Изменить стиль страницы

Дома мама отошла. Она мирным, нудным тоном вычитывала мне, какой должна быть девочка, как некрасиво я поступила, в общем, — ничего нового. А потом взяла с меня слово, чтобы «это» было в первый и последний раз. Я дала честное слово.

Но это было только начало. Я воровала до двенадцати лет. В школе — ручки, перья, тетрадки. В гостях — сахар, конфеты, печенье. Все копила на «черный день». В укромном месте я прятала свои запасы. Старые съедала, а новыми пополняла. А потом в одно прекрасное утро все кончилось. Желание воровать исчезло навсегда. Даже как-то скучно стало...

Я всегда долго «созреваю». А потом вдруг — раз! И полная ясность. Точное решение проблемы.

Так и в работе над ролью. Сначала тупик и полная паника. Внутри сам собой происходит процесс «созревания». Я думаю в это время совсем о другом, вдруг неожиданный просвет. Ага! Есть! Знаю, какая «она»! Знаю, как я ее поведу...

Так и в дружбе. Со мной много можно «экспериментировать» — подводить, обманывать, крутить, вертеть. Я все терплю, терплю, жду, надеюсь... А потом — раз! И все! Внутри все пусто, все сгорело. И нет больше такой подруги.    

 А особенно болезненно было в любви. Уж тут-то я почти всегда оставалась сидеть в пепле    на развалинах. Всегда сильно мучилась, отдавая этому чувству невосполнимые силы. Максимально «приносила», но и максимально требовала. Выдержать меня, мой этот «максимализм», — трудно, что там говорить... Мне хотелось всегда любить только одного человека.
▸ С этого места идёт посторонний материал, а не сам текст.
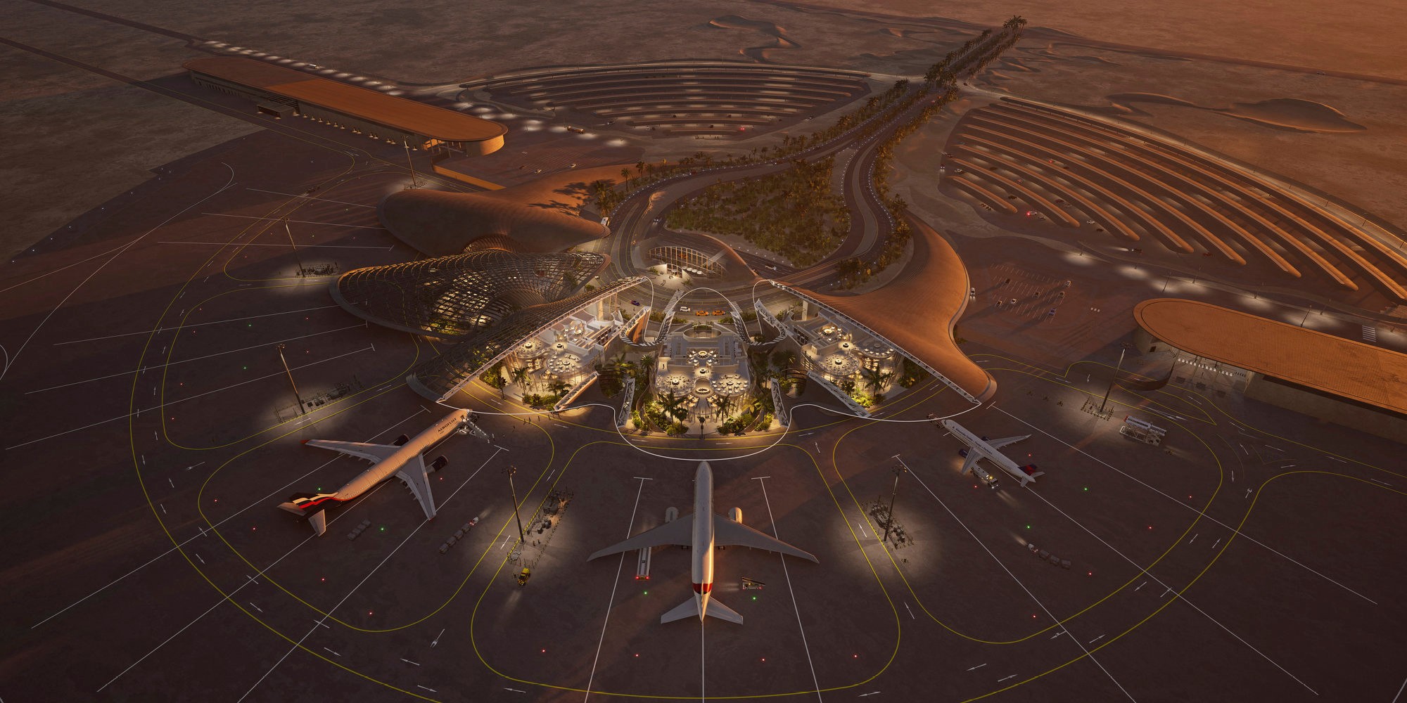 Animation des Red Sea Airports: 2030 soll der Flughafen eine Million Reisende abfertigen. Foster + Partners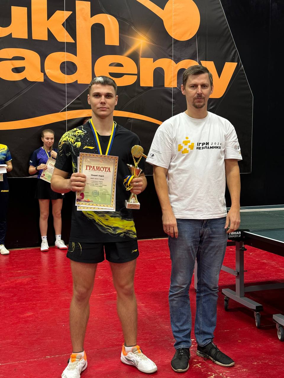 Сенсаційно завершились змагання на Чемпіонаті України серед чоловіків в особистому розряді. У фіналі студент нашого Університету кандидат у майстри спорту України, Андрій Шамрай обіграв майстра спорту України з настільного тенісу, першого номеру за рейтингом Вадима Грибана, з рахунком 3-1. А у півфіналі Андрій з рахунком 3-2 обіграв майстра спорту України, Вадима Солтиса!

 Теперь жалко огромного заряда энергии, растраченного впустую. Но мой папа говорил — «жисть есь жисть, моя детка». Все правильно. Я это постигала на своем опыте, не внимая ничьим советам, какими бы они мудрыми ни были.

БЕЗ «ДЕЛА»

На базар меня мама больше не пускала. А внизу, как назло, свистели мне мои друзья. Я предлагала маме все услуги, вела себя так образцово, что это требовало какой-нибудь награды. Но мама хитрая. Она делала вид, что ничего не замечает.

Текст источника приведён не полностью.